- [Your instructions]
Nothing in the copy should be a picture; everything else in the listing is to be restated exactly.

- [Exercise materials]
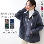 トップス パーカー 裏起毛 裏毛 ジップアップ ドルマン カーディガン コットン 綿100% ポケット付き 綿 harmonie アルモニ 日本製 62520635
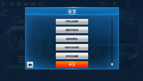 3、在语言列表中下拉并点击「中文」,确认后重启游戏即可全程中文界面,零门槛畅玩。
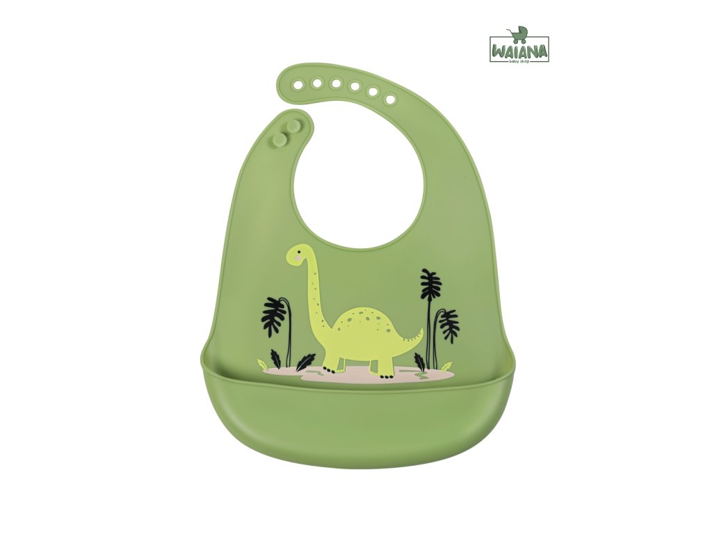 SIMED Silikónový podbradník s vreckom, Green Dinosaur
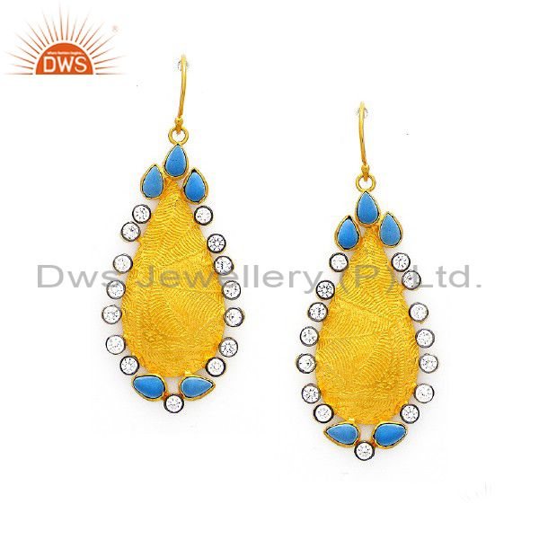 22K Yellow Gold Plated Sterling Silver Turquoise And Cz Dangle Earrings
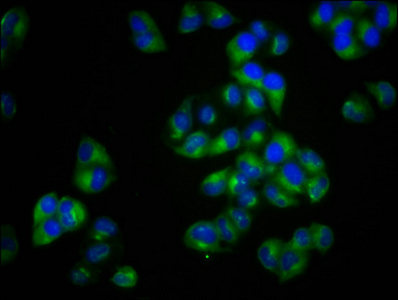 Immunofluorescence staining of Hela cells with CSB-PA738576LA01HU at 1:100, counter-stained with DAPI. The cells were fixed in 4% formaldehyde, permeabilized using 0.2% Triton X-100 and blocked in 10% normal Goat Serum. The cells were then incubated with the antibody overnight at 4°C. The secondary antibody was Alexa Fluor 488-congugated AffiniPure Goat Anti-Rabbit IgG(H+L).

- [Answer to this problem]
 トップス パーカー 裏起毛 裏毛 ジップアップ ドルマン カーディガン コットン 綿100% ポケット付き 綿 harmonie アルモニ 日本製 62520635
 3、在语言列表中下拉并点击「中文」,确认后重启游戏即可全程中文界面,零门槛畅玩。
 SIMED Silikónový podbradník s vreckom, Green Dinosaur
 22K Yellow Gold Plated Sterling Silver Turquoise And Cz Dangle Earrings
 Immunofluorescence staining of Hela cells with CSB-PA738576LA01HU at 1:100, counter-stained with DAPI. The cells were fixed in 4% formaldehyde, permeabilized using 0.2% Triton X-100 and blocked in 10% normal Goat Serum. The cells were then incubated with the antibody overnight at 4°C. The secondary antibody was Alexa Fluor 488-congugated AffiniPure Goat Anti-Rabbit IgG(H+L).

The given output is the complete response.